Content starts

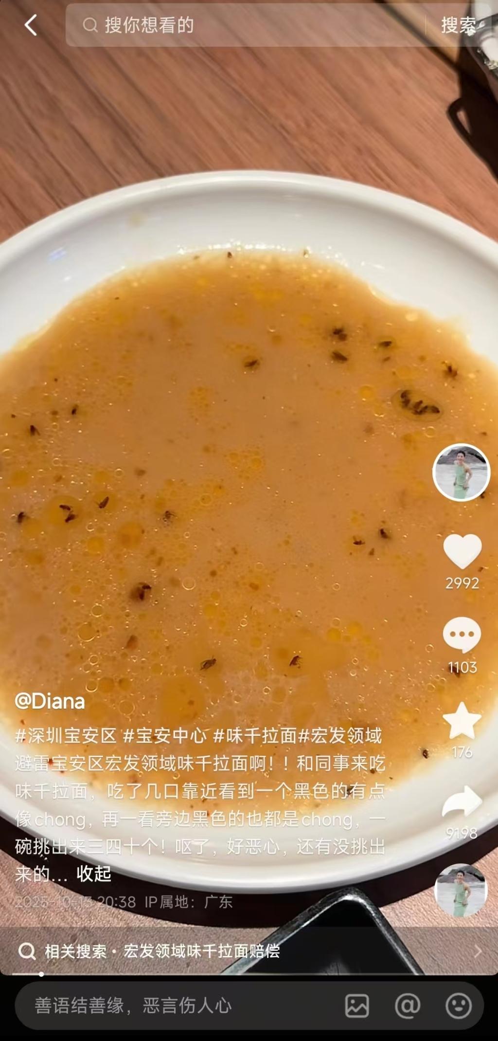 消费者发布在社交网站的视频显示,其在深圳宝安区创业一路某商场内的味千拉面店吃出大量虫子。店长表示虫是醋里的,其他加醋的食客也发现了虫,门店表示会退款处理,自己则拨打了12315热线反映此事。
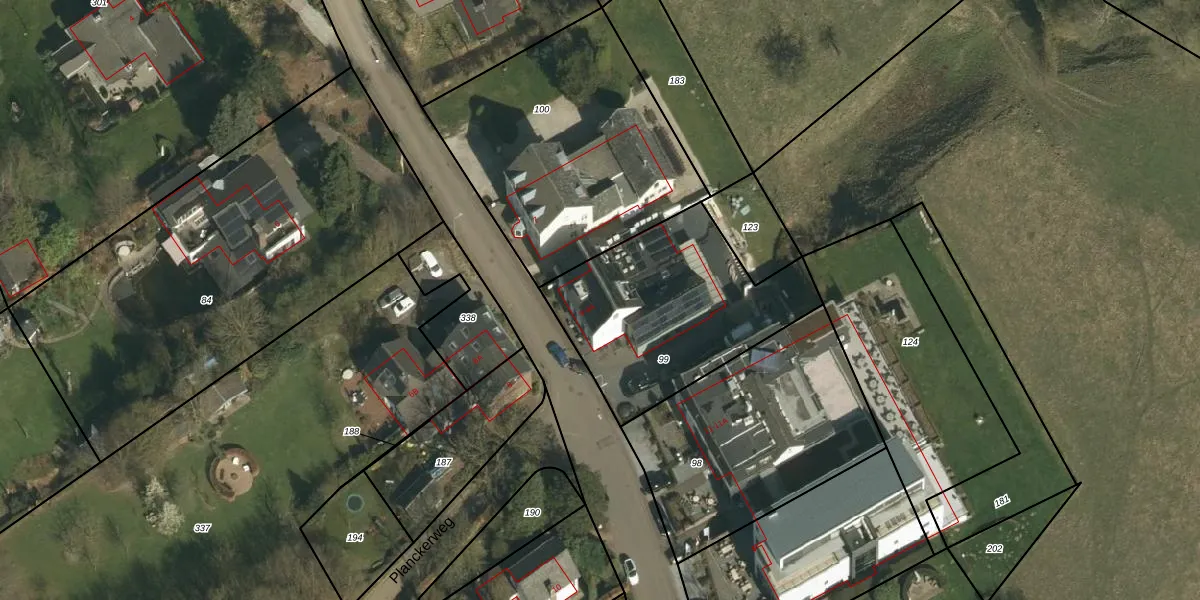 Het adres is gelegen op perceel 99 in de sectie H en de kadastrale gemeente Wittem. De kadastrale aanduiding is aldus WTM00-H-99. De gemiddelde perceelgrootte in Wittem is 6053 m². Dit perceel is kleiner: de perceeloppervlakte bedraagt 900 m². Het grootste perceel in de kadastrale gemeente is 50,8 ha. Het kleinste perceel heeft een oppervlakte van 0 m². Op het perceel liggen in totaal 2 adressen. De huidige grenzen van het perceel zijn digitaal in de Basisregistratie Kadaster (BRK) geregistreerd op 28-04-2008.
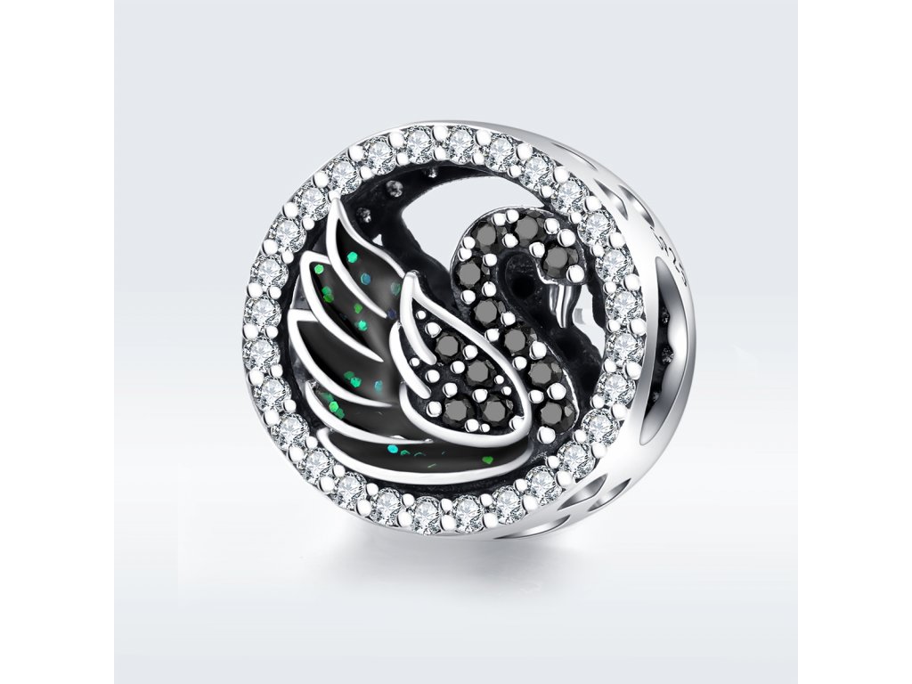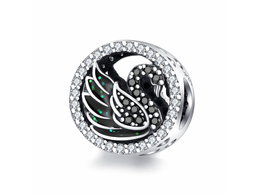 - Stříbrný přívěsek v designu Třpytivé labutě zdobené černými zirkony. Originální design přívěsku, kvalitní zpracování a materiál, ručně dohotovené.
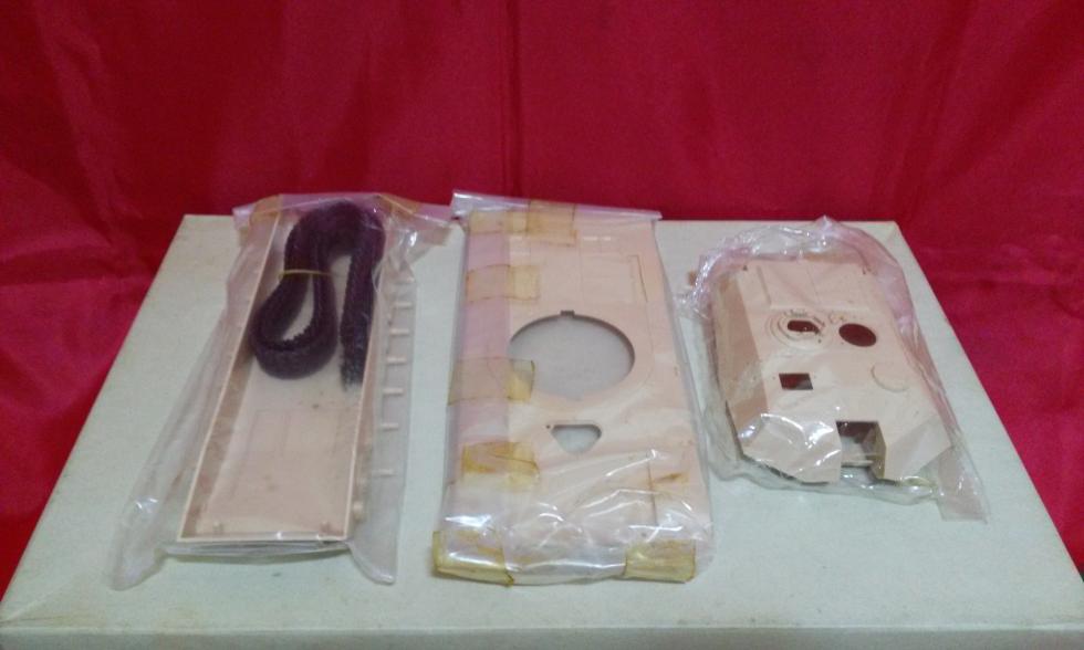 4. 박스오픈 : 러너 색깔이 무엇이라 한마디로 하기 어렵군요. 베이지라고 할지 살색이라고 할지 아니면 살구색이라고 할지 판단이 잘 서질 않습니다. 포탑부분은 러너에서 분리되어 있구 다만 비닐에 싸져있어서 변색 등 훼손은 없는 상태라 다행입니다. 당시를 회상해 보면 집에 가져 올때 생각보다 무거워 헉헉거렸던 점과 집에서 박스오픈을 하며 "스프라이즈!"했던 생각이 드는군요. 제품 색감의 고급스러운 점, 3모터 사용, 처음 시도해보는 사각 리모콘 등은 인상적이었던 것으로서 지금도 제 디엔에이에 각인되어 있는 것 같습니다.

Content ends

WHAT IS REQUIRED - Leave every image out when you return the material above word for word.

YOUR SOLUTION -
 消费者发布在社交网站的视频显示,其在深圳宝安区创业一路某商场内的味千拉面店吃出大量虫子。店长表示虫是醋里的,其他加醋的食客也发现了虫,门店表示会退款处理,自己则拨打了12315热线反映此事。
 Het adres is gelegen op perceel 99 in de sectie H en de kadastrale gemeente Wittem. De kadastrale aanduiding is aldus WTM00-H-99. De gemiddelde perceelgrootte in Wittem is 6053 m². Dit perceel is kleiner: de perceeloppervlakte bedraagt 900 m². Het grootste perceel in de kadastrale gemeente is 50,8 ha. Het kleinste perceel heeft een oppervlakte van 0 m². Op het perceel liggen in totaal 2 adressen. De huidige grenzen van het perceel zijn digitaal in de Basisregistratie Kadaster (BRK) geregistreerd op 28-04-2008.
 - Stříbrný přívěsek v designu Třpytivé labutě zdobené černými zirkony. Originální design přívěsku, kvalitní zpracování a materiál, ručně dohotovené.
 4. 박스오픈 : 러너 색깔이 무엇이라 한마디로 하기 어렵군요. 베이지라고 할지 살색이라고 할지 아니면 살구색이라고 할지 판단이 잘 서질 않습니다. 포탑부분은 러너에서 분리되어 있구 다만 비닐에 싸져있어서 변색 등 훼손은 없는 상태라 다행입니다. 당시를 회상해 보면 집에 가져 올때 생각보다 무거워 헉헉거렸던 점과 집에서 박스오픈을 하며 "스프라이즈!"했던 생각이 드는군요. 제품 색감의 고급스러운 점, 3모터 사용, 처음 시도해보는 사각 리모콘 등은 인상적이었던 것으로서 지금도 제 디엔에이에 각인되어 있는 것 같습니다.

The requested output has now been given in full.